The R arules package implements a comprehensive
infrastructure for representing, manipulating and analyzing transaction data and patterns using frequent itemsets and association rules. 
The package also provides a wide range of interest measures and mining algorithms including the code of Christian Borgelt’s popular 
and efficient C implementations of the association mining algorithms Apriori and Eclat,
and optimized C/C++ code for 
mining and manipulating association rules using sparse matrix representation. 

The `arulesViz` module provides `plot()` for visualizing association rules using
the [R package arulesViz](https://github.com/mhahsler/arulesViz).

`arulespy` provides Python classes
for

-   `Transactions`: Convert pandas dataframes into transaction data
-   `Rules`: Association rules
-   `Itemsets`: Itemsets
-   `ItemMatrix`: sparse matrix representation of sets of items.

with Phyton-style slicing and `len()`. 

Most arules functions are
interfaced as methods for the four classes with conversion from the R data structures to Python.
Documentation is avaialible in Python via `help()`. Detailed online documentation
for the R package is available [here](https://mhahsler.r-universe.dev/arules/doc/manual.html). 

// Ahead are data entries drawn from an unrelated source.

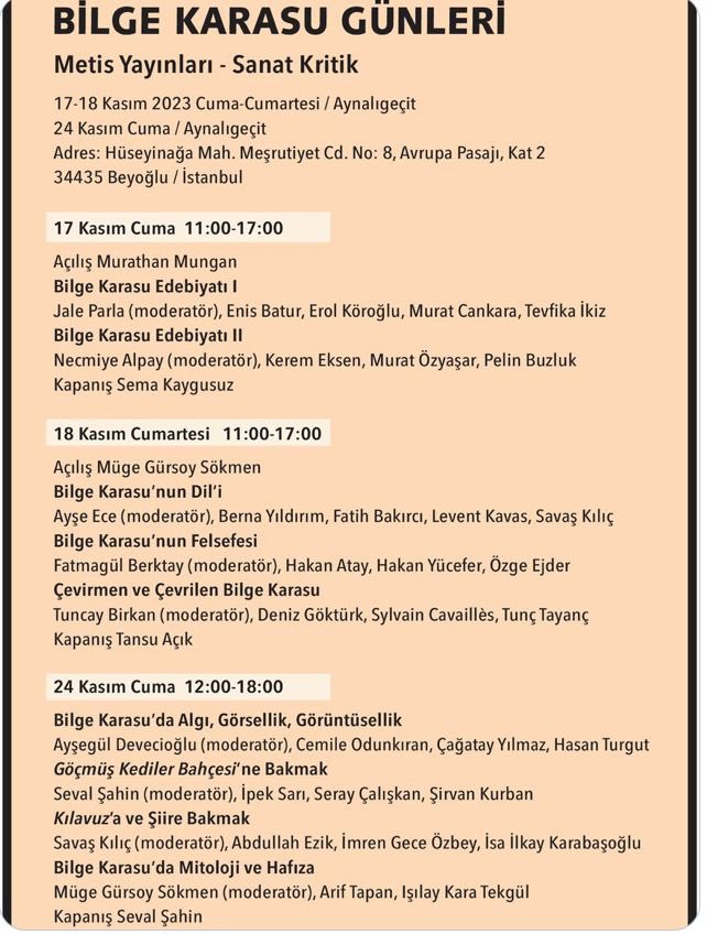 Sanat Kritik ile Metis Yayınlarının birlikte hazırladığı Bilge Karasu Günleri 17-18 ve 24 Kasım’da yapılacak.
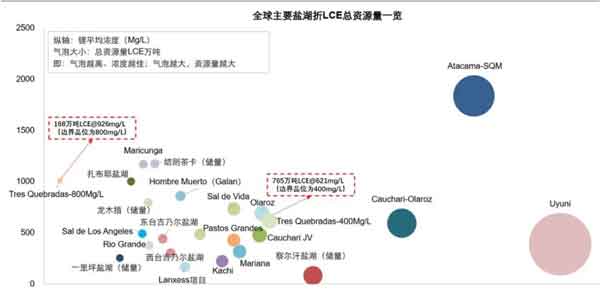 图:全球主要盐湖折碳酸锂总资源量一览
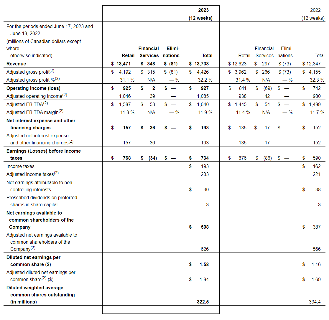 - Adjusted gross profit was $4,192-million, an increase of $230-million, or 5.8 per cent. The adjusted gross profit percentage of 31.1 per cent decreased by 30 basis points (2022: increased by 50 basis points). Retail margins declined slightly, primarily driven by higher shrink and higher supplier costs that were not passed on to consumers.
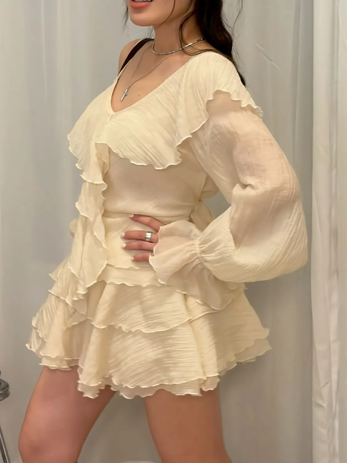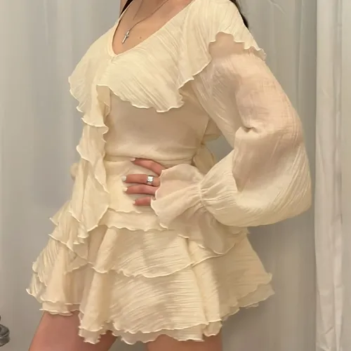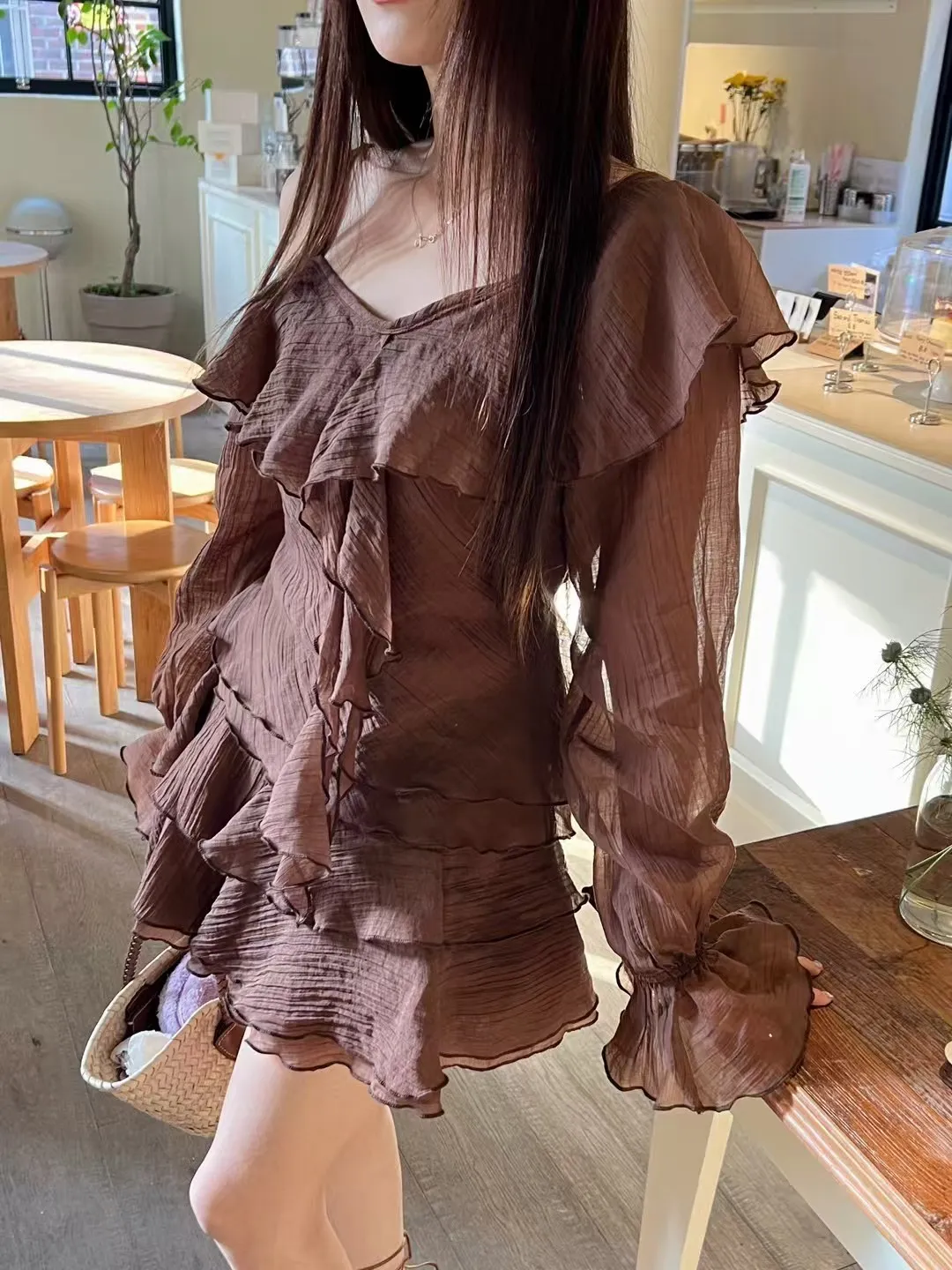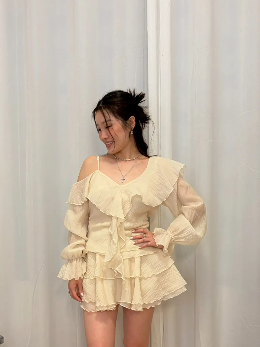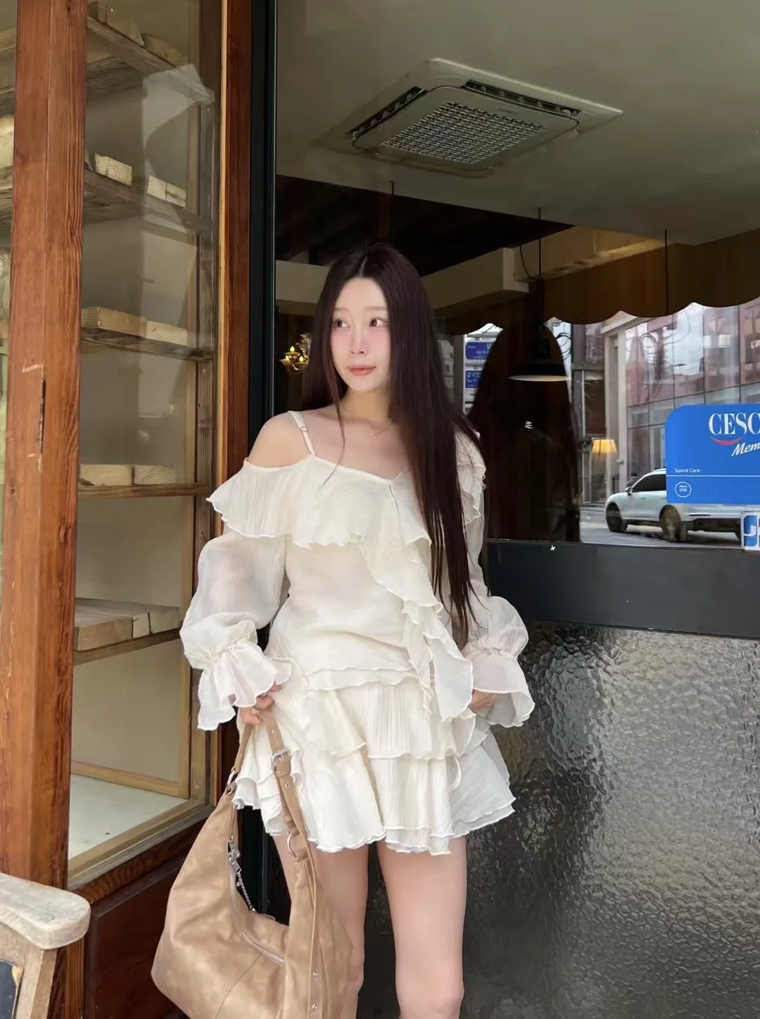 B3227 雪紡斜肩浪漫上衣/褲裙

Low-level `arules` functions can also be directly used in the form 
`R.<arules R function>()`. The result will be a `rpy2` data type.
Transactions, itemsets and rules can manually be converted to Python
classes using the helper function `a2p()`.

## Installation

`arulespy` is based on the python package `rpy2` which requires an R installation. Here are the installation steps:

1. Install the latest version of R from https://www.r-project.org/

2. Install required libraries/set path depending on your OS:
   - libcurl is needed by R package [curl](https://cran.r-project.org/web/packages/curl/index.html).
      - Ubuntu: `sudo apt-get install libcurl4-openssl-dev`
      - MacOS: `brew install curl`
      - Windows: no installation necessary
   - Environment variable `R_HOME` may need to be set for Windows

3. Install `arulespy` which will automatically install `rpy2` and `pandas`.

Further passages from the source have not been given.